CSRの文脈では、調達戦略に社会・環境の視点を統合した持続可能な調達戦略(Sustainable Procurement)が求められます。持続可能な調達とは、企業の購買プロセスや意思決定にCSRの原則を組み込みつつ、ステークホルダーの要求を満たすことと定義されています​。具体的には、調達先選定において環境保護や人権尊重の基準を盛り込み、例えば児童労働の排除や有害物質削減といった要件をサプライヤーに課すことです。このような戦略を取ることで、企業は自社の中核的価値観をサプライチェーン全体に浸透させることができます。

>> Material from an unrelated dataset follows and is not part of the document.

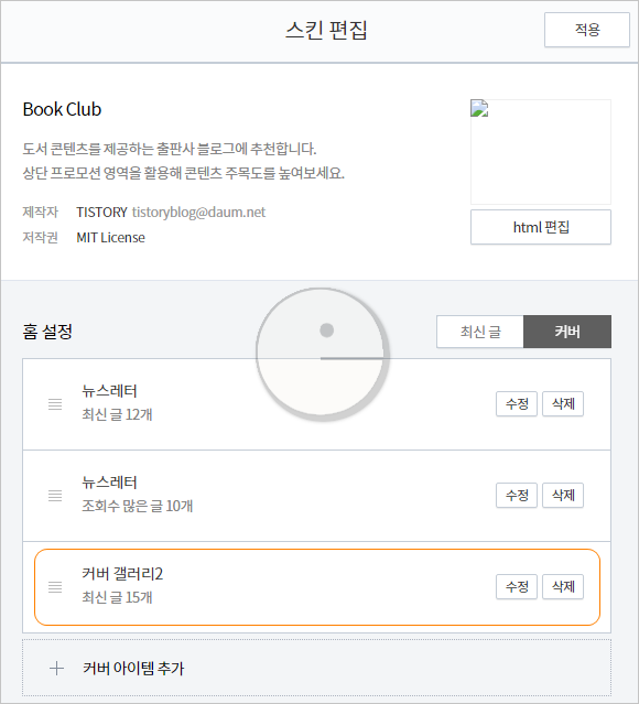 "커버 갤러리2" 아이템의 HMTL 코드 소스는 'skin.html' 파일의 "cover-thumbnail-4"에서 관리합니다.

さらに、持続可能な調達はリスクマネジメントの強化にもつながります。調達段階で問題のあるサプライヤーを炙り出し是正を促すことで、後に発生し得るスキャンダルや風評被害を未然に防ぐ効果があります​。例えば、不適切な労働環境のサプライヤーと契約していたがために不買運動に発展するといった事態を避け、逆に倫理的な調達姿勢を示すことでブランド価値を向上させることができます。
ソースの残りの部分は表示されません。